As part of the upcoming SuperTask migration, we are refactoring many of our Tasks. This refactoring also provides an opportune moment to implement RFC-352. RFC-352 says that the default pipeBase.TaskRunner should call a task’s RunDataRef method on a single dataRef.
DM-2639 will:
(1) change the pipeBase.TaskRunner to call a Task’s RunDataRef() method instead of its run()method
(2) change the name of all existing CmdlineTasks’ run methods to runDataRef and the Task’s “heart” or “primary unit of execution” method (e.g. characterize(self, exposure, exposureIdInfo=None, background=None) for CharacterizeImageTask, and calibrate(self, exposure, exposureIdInfo=None, background=None, icSourceCat=None) for CalibrateTask) to run.
This is a major API change for the stack. We will migrate all packages in the lsst_distrib, the “lsst” github user organization, and the lsst-dm packages on our radar, which include:
Could you update lsst-dm/ap_pipe, please? ApPipeTask has a run that takes a dataRef, but no “primary unit of execution”.
Note that this package has a custom TaskRunner that reimplements __call__ (this is, fortunately, going away, but probably after DM-2639). I think I’ve seen about half a dozen similar runners scattered throughout the Stack.

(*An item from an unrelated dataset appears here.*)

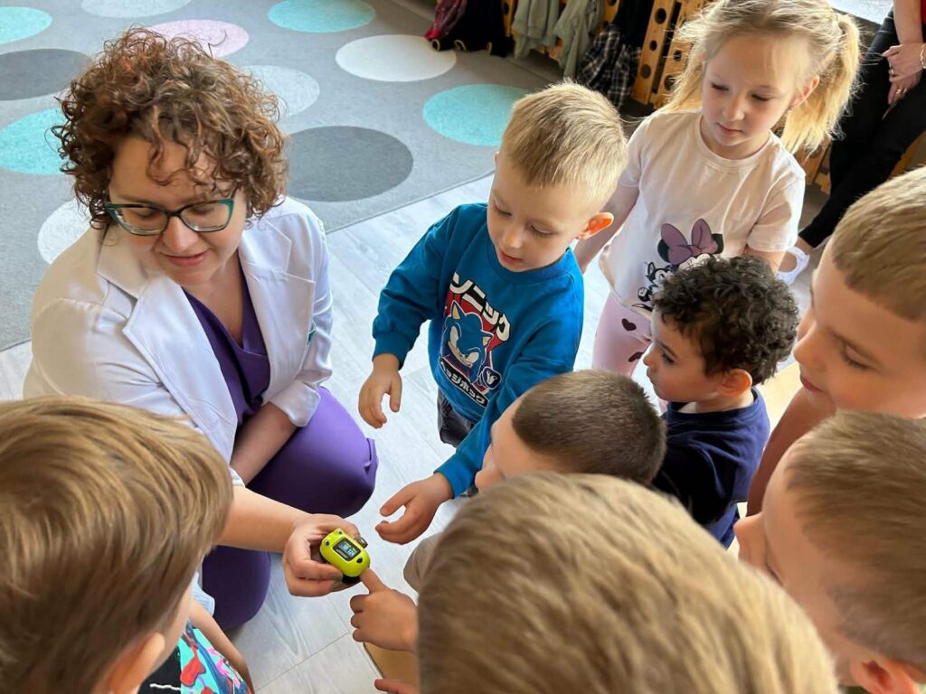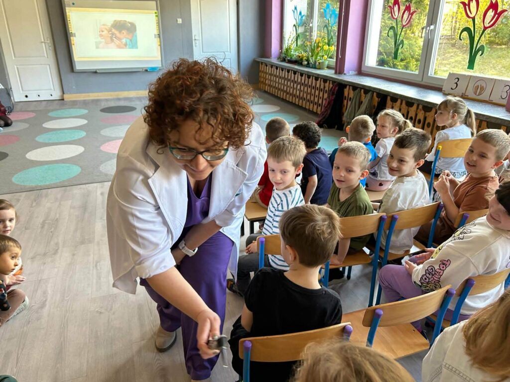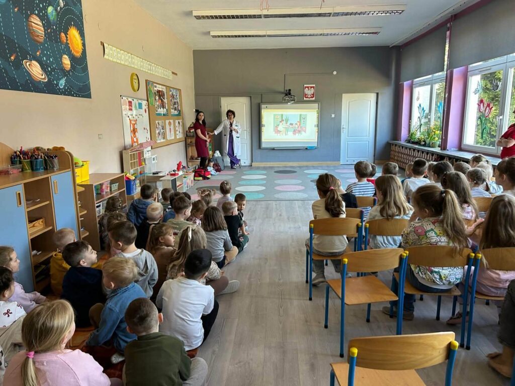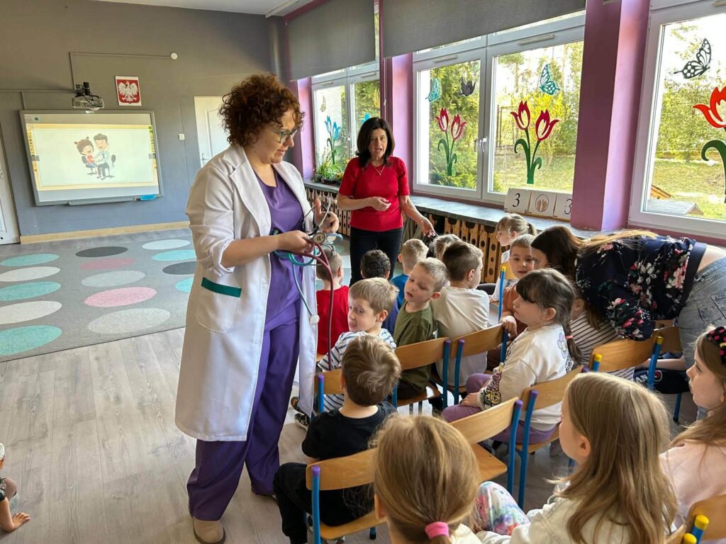 W dniu 07.04.2026 nasze przedszkolaki przyjęły wyjątkowych gości. Były to lekarka oraz położna pracujące w Ośrodku Zdrowia w Kluczach. Dzisiejsze spotkanie było doskonałą okazją, by pokazać maluchom, że biały fartuch wcale nie musi kojarzyć się ze stresem. Dzięki otwartości i ciepłemu podejściu naszych gości, dzieci mogły poczuć się jak mali odkrywcy tajemnic ludzkiego ciała. Takie spotkania uczą dzieci, że lekarz i położna to przyjaciele, którzy dbają o nasze bezpieczeństwo i dobre samopoczucie. Maluchy z wielkim zaangażowaniem zadawały pytania, a ich naturalna ciekawość została zaspokojona w atmosferze pełnej uśmiechu. Serdecznie dziękujemy naszym gościom za poświęcony czas oraz przekazanie cennej wiedzy przedszkolakom.

jointcal does not operate on a dataRef, but rather a list of them, so runDataRef() does not make sense for it. It does have a custom JointcalRunner(pipeBase.ButlerInitializedTaskRunner), so that may save me here?
The method name runDataRef shouldn’t be taken too literally. (I’m not crazy about the new naming scheme, but that is neither here nor there because RFC-352 and RFC-26 have spoken)
The way to think about it is that CmdLineTasks’s parseAndRun() is going to call a TasksrunDataRef method and SuperTask is going to call runQuantum.
But like ApPipeTask, your JointcalTaskRunner overrides __call___ so technically Jointcal can opt out.
…until it’s time to make a jointcal SuperTask. At that point it will be highly desirable to have a run method that takes in-memory objects, returns all of its outputs, and does no I/O. It’s not an absolute requirement that all SuperTasks have that - not all can separate the I/O from the algorithm, and jointcal may be one of the few that can’t - but it’s much easier to make SuperTasks for those do.
In this case, the in-memory objects would be all of the catalogs and all of their metadata. I’m not sure we’re budgeted for that much memory. jointcal is currently designed to read one catalog at a time and strip out only what it needs.
cp_pipemight be a package to watch out for here. There is a large unmerged ticket which contains a new task, and which might break the mould here in a similar way to jointcal. It’s in review though, so perhaps by the time this actually gets done this will be moot, but given the request for input I just thought I’d mention it.